The Wine and Cheese on the _*Builder*_ is in the Dining Car and is for Sleeper pax only. In addition, they will ask trivia questions to give away the partially poured bottles, most of which still have a strong lion's share of wine left in them.


----------



## rusty spike (Aug 10, 2012)

OlympianHiawatha said:


> rusty spike said:
> 
> 
> > pennyk said:
> ...


Hmmmm....

Now I'm wondering what the PPC attendant did with our leftovers.


----------



## MiRider (Aug 11, 2012)

Maine Rider said:


> You may also consume whatever beverages you like in your roomette, but you may not bring alcoholic beverages into "public" areas of the train.


I always believed this to be true but on my trips on the CONO and CZ this Spring, people were consuming beer and drinks in coach and I even asked about it and was told, 'sure, no problem'.

Also, when I take the Pere Marquette, everyone brings their cafe car purchases, alcohol included, to their seats.

Maybe you mean alcohol that wasn't purchased on the train?

Of course, that really doesn't stop a lot of stealthy people.


----------



## dabrilloman (Aug 11, 2012)

JoanieB said:


> Maine Rider said:
> 
> 
> > You may also consume whatever beverages you like in your roomette, but you may not bring alcoholic beverages into "public" areas of the train.
> ...


As I understand it, if you have sleeper accomodations you may bring onboard and consume your own alchoholic beverages in your room.

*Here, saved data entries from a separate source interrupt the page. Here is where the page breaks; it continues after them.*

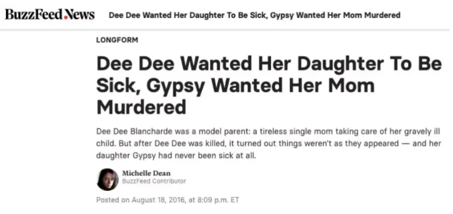 在别人眼中,Gypsy是个可怜的孩子,身患白血病、哮喘,因脑损伤失智,无法站立,只能坐在轮椅上,而她的母亲Dee Dee Blanchard,为了照顾她,历经艰苦,还曾经无家可归。
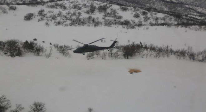 Doğa Koruma ve Milli Parklar Şubesi tarafından karadan yapılan yemleme çalışmalarına bu kez asker de Skorsky helikopterlerle havadan destek verdi. Yaban hayvanları için temin edilen ot, ekmek, mısır ve buğdaydan oluşan yaklaşık yarım tonluk yiyecek, doğa koruma ekipleri ve jandarma personeli tarafından Skorsky tipi helikopterlere konularak çetin geçen kış mevsimi nedeniyle zor şartlarda bulunan yaban hayvanları için doğaya bırakıldı. Karla kaplı doğada yaban hayvanları için yemleme çalışmalarının devam edeceği bildirildi.
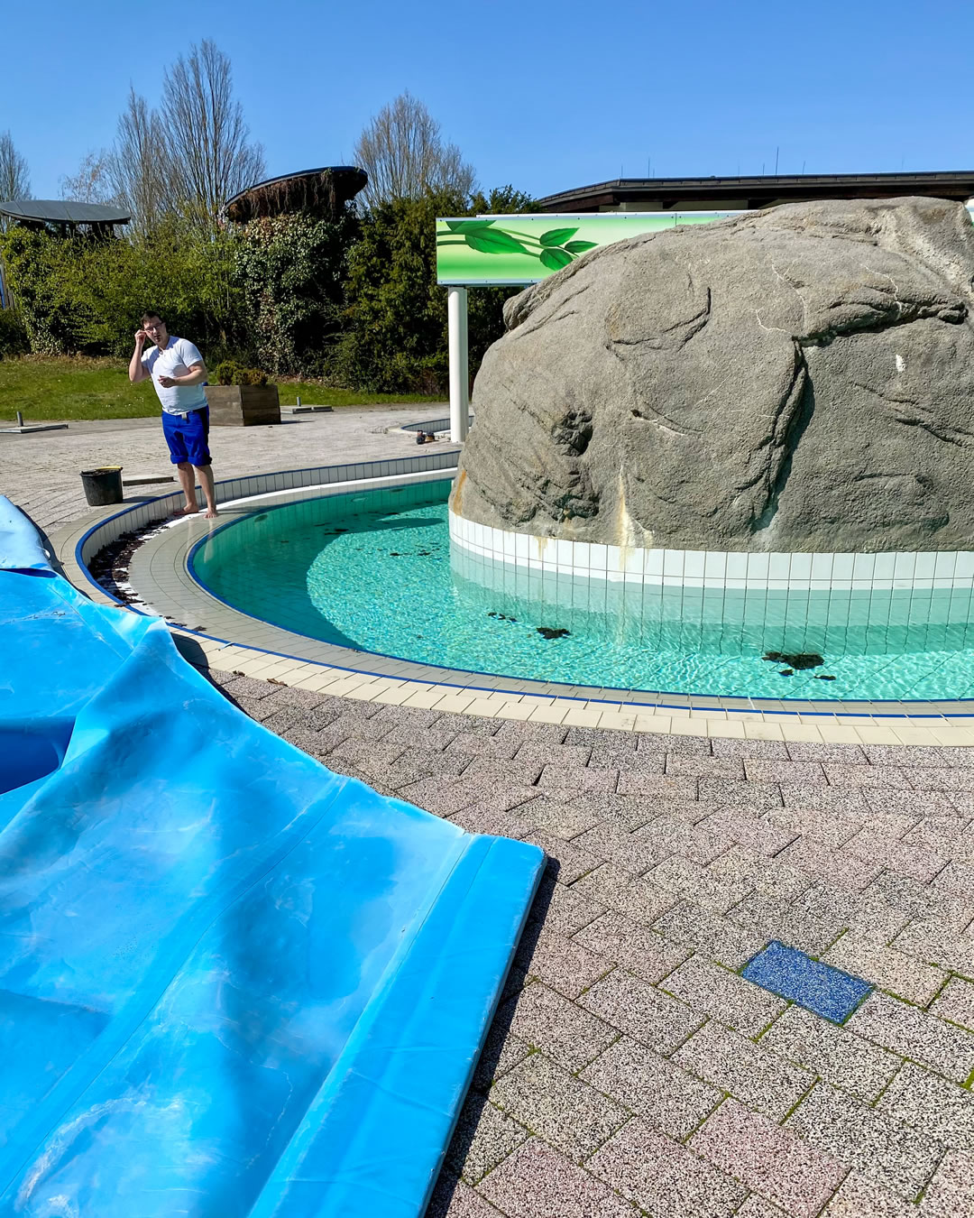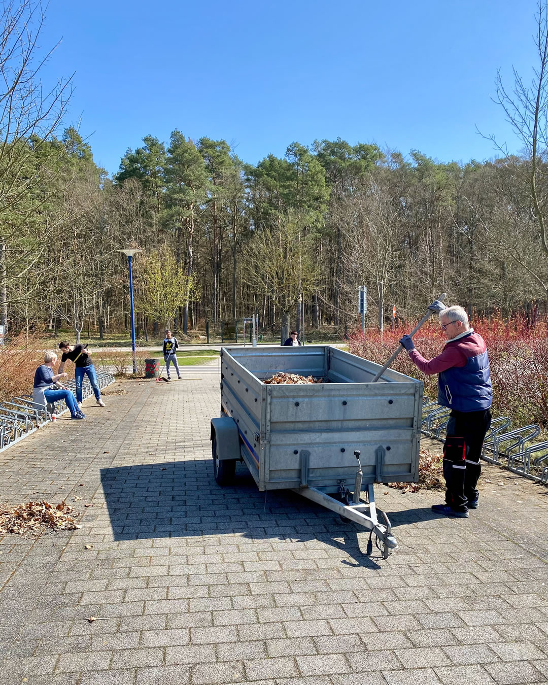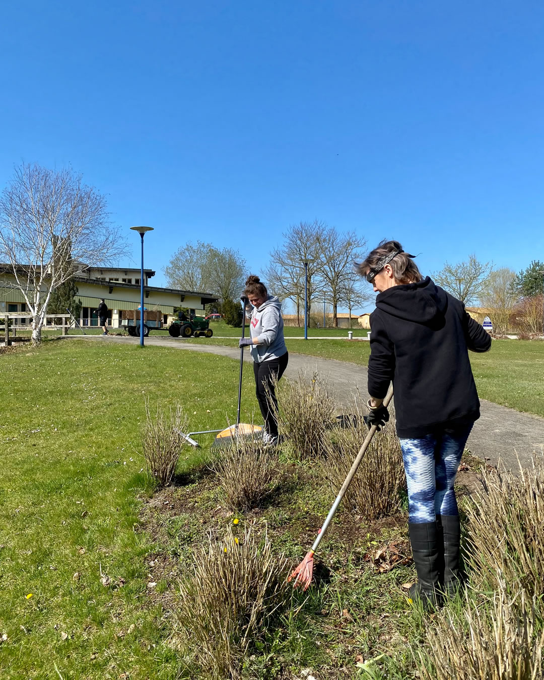 Heute haben unsere Mitarbeiter an einem Arbeitseinsatz vor Ort um die NaturThermeTemplin herum bei schönstem Wetter (strahlender Sonnenschein und blauer Himmel).
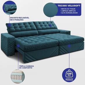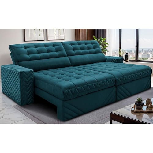 Sofá Retrátil E Reclinável 2,50m Molas Ensacadas Max Spring. Velusoft Cama Inbox Petróleo
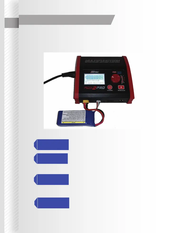 via the charger’s main battery lead to the battery socket; and the balance wires to the balance socket
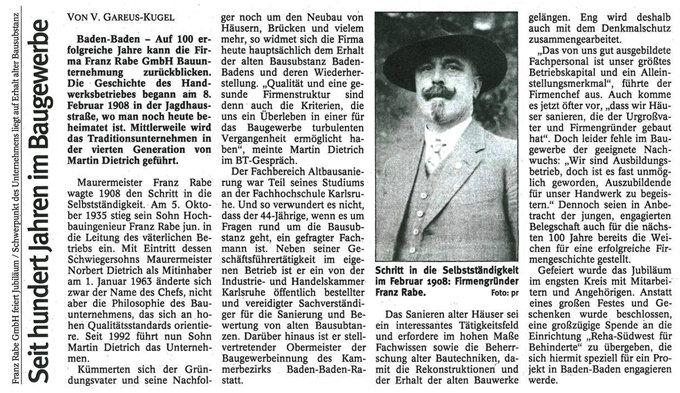DIE FIRMA FRANZ RABE GMBH BAUUNTERNEHMUNG KANN AUF ÜBER 100 ERFOLGREICHE JAHRE ZURÜCKBLICKEN:
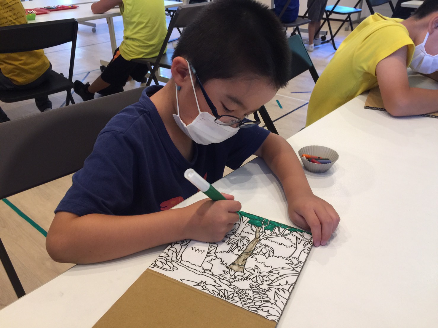 ジャングルの塗り絵を上の段ボールに貼り付けたら、好きなように色を塗りました。
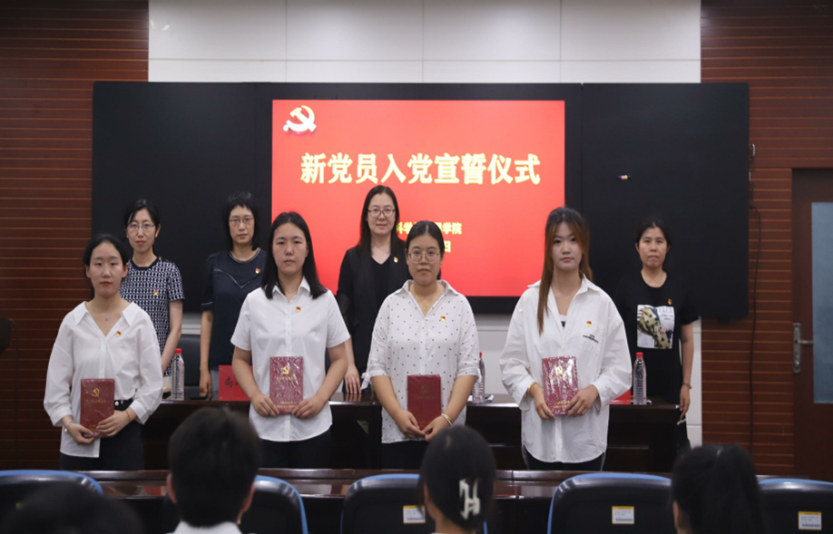 活動在莊嚴的國歌聲中開始。首先學院黨委負責同志宣讀了接收預備黨員的決定。出席儀式的領導、老師們為預備黨員佩戴黨員徽章,發放黨員學習筆記本。隨后舉行新黨員入黨宣誓儀式,黨委書記從蓉領誓,41名新黨員面向黨旗莊嚴宣誓,表達對黨忠誠、永不叛黨和愿意為共產主義奮斗終身的決心。

You may consume achoholic beverages in public areas if you buy the beverages on the train. You may not bring any of your own stock out of your room to consume.


----------



## RRrich (Aug 11, 2012)

Folks are quoting Amtrak ruules about alcohol and AFAIK they are all correct. The thing is as long as you don't act the fool Amtrak doesn't bother folks.

I suspect that if you are in coach and your carry-on contains a 6 pack you can drink it.


----------



## E Runs (Aug 11, 2012)

RRrich said:


> Folks are quoting Amtrak ruules about alcohol and AFAIK they are all correct. *The thing is as long as you don't act the fool Amtrak doesn't bother folks*.
> 
> I suspect that if you are in coach and your carry-on contains a 6 pack you can drink it.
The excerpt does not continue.